## Your assignment
Only the lines from the top of the listing below through the line containing "마지막으로 소개할 제품은" should be output, exactly and with no pictures.

## Data provided
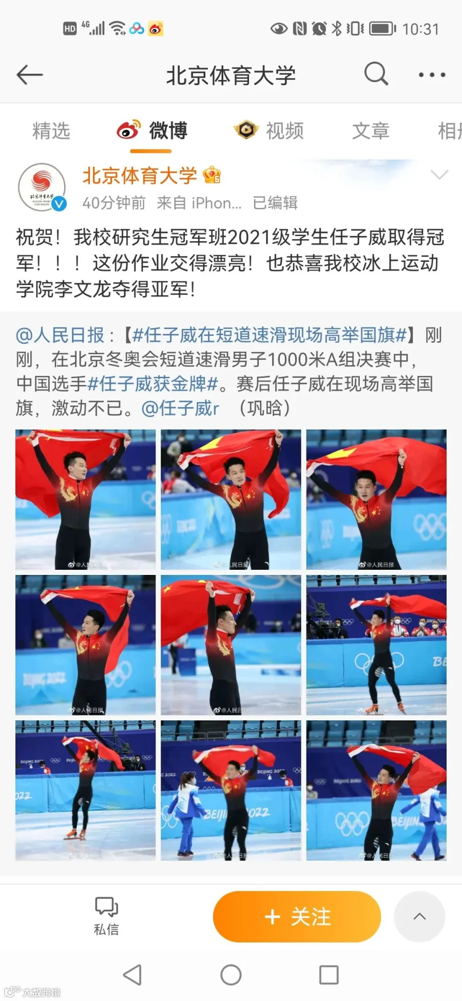 北京体育大学官方微博发文表示祝贺
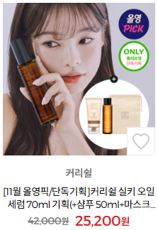 마지막으로 소개할 제품은 커리쉴 실키오일 세럼입니다. 이 제품은 모발 관리에 특화된 헤어 세럼으로, 푸석하고 손상된 머릿결을 윤기 나고 부드럽게 만들어주는 아이템이에요.
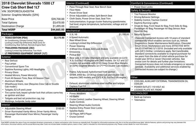This Silverado's impressive capabilities are further enhanced by its comprehensive suite of advanced safety and technology features, including OnStar, Chevrolet Connected Services, and a 4.2-inch diagonal color driver information center. With its potent powertrain, robust construction, and comprehensive list of amenities, the 2018 Chevrolet Silverado 1500 LT LT1 is the perfect choice for those seeking a capable, well-equipped, and versatile full-size pickup.
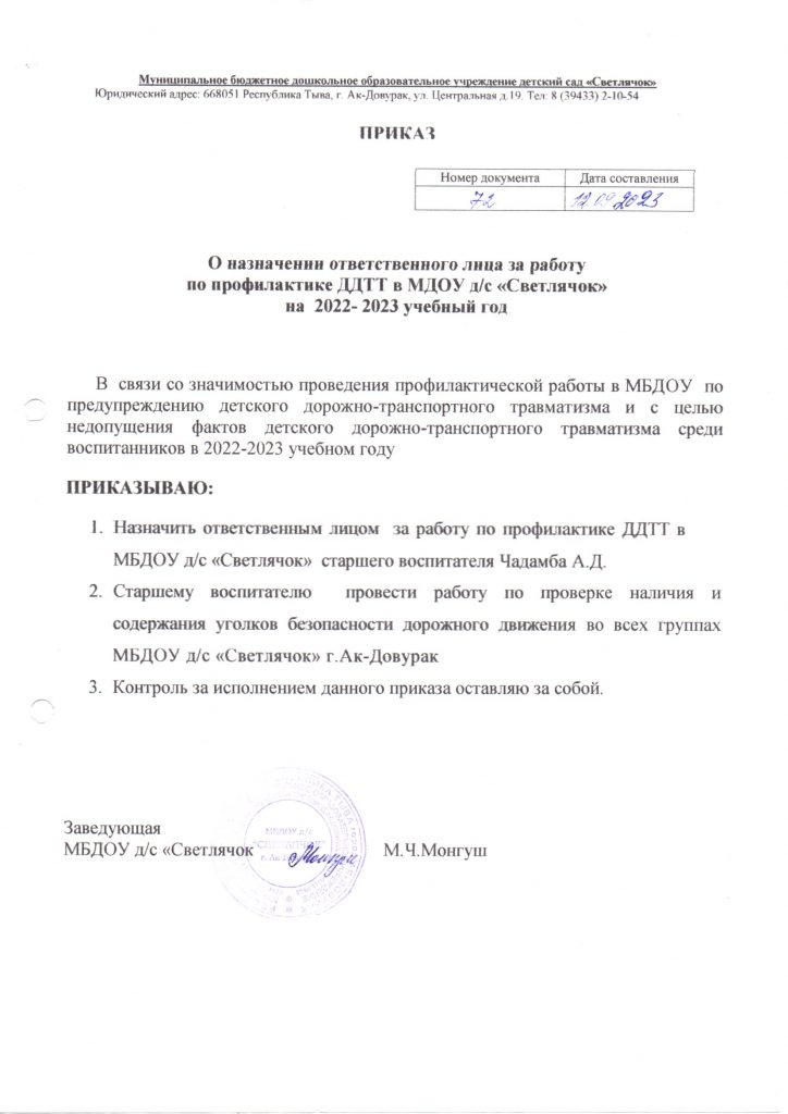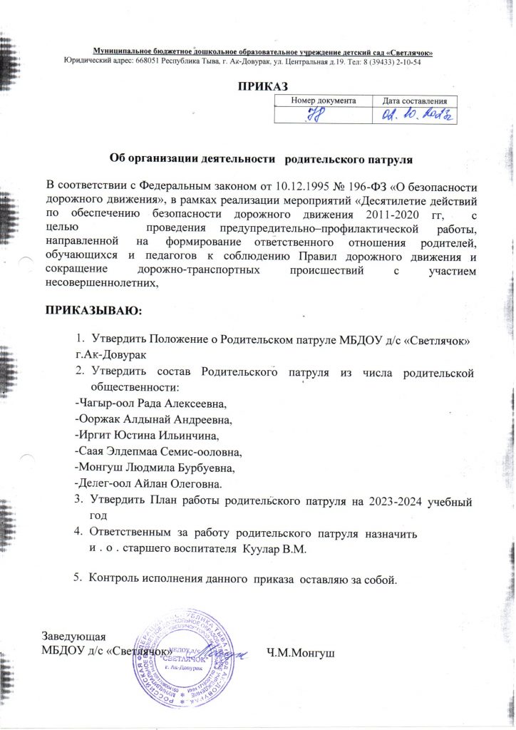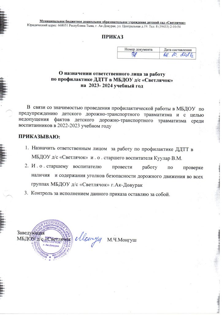 по профилактике детского дорожно-транспортного травматизма в МБДОУ д/с «Светлячок» г.Ак-Довурак

## Response area
 北京体育大学官方微博发文表示祝贺
 마지막으로 소개할 제품은 커리쉴 실키오일 세럼입니다. 이 제품은 모발 관리에 특화된 헤어 세럼으로, 푸석하고 손상된 머릿결을 윤기 나고 부드럽게 만들어주는 아이템이에요.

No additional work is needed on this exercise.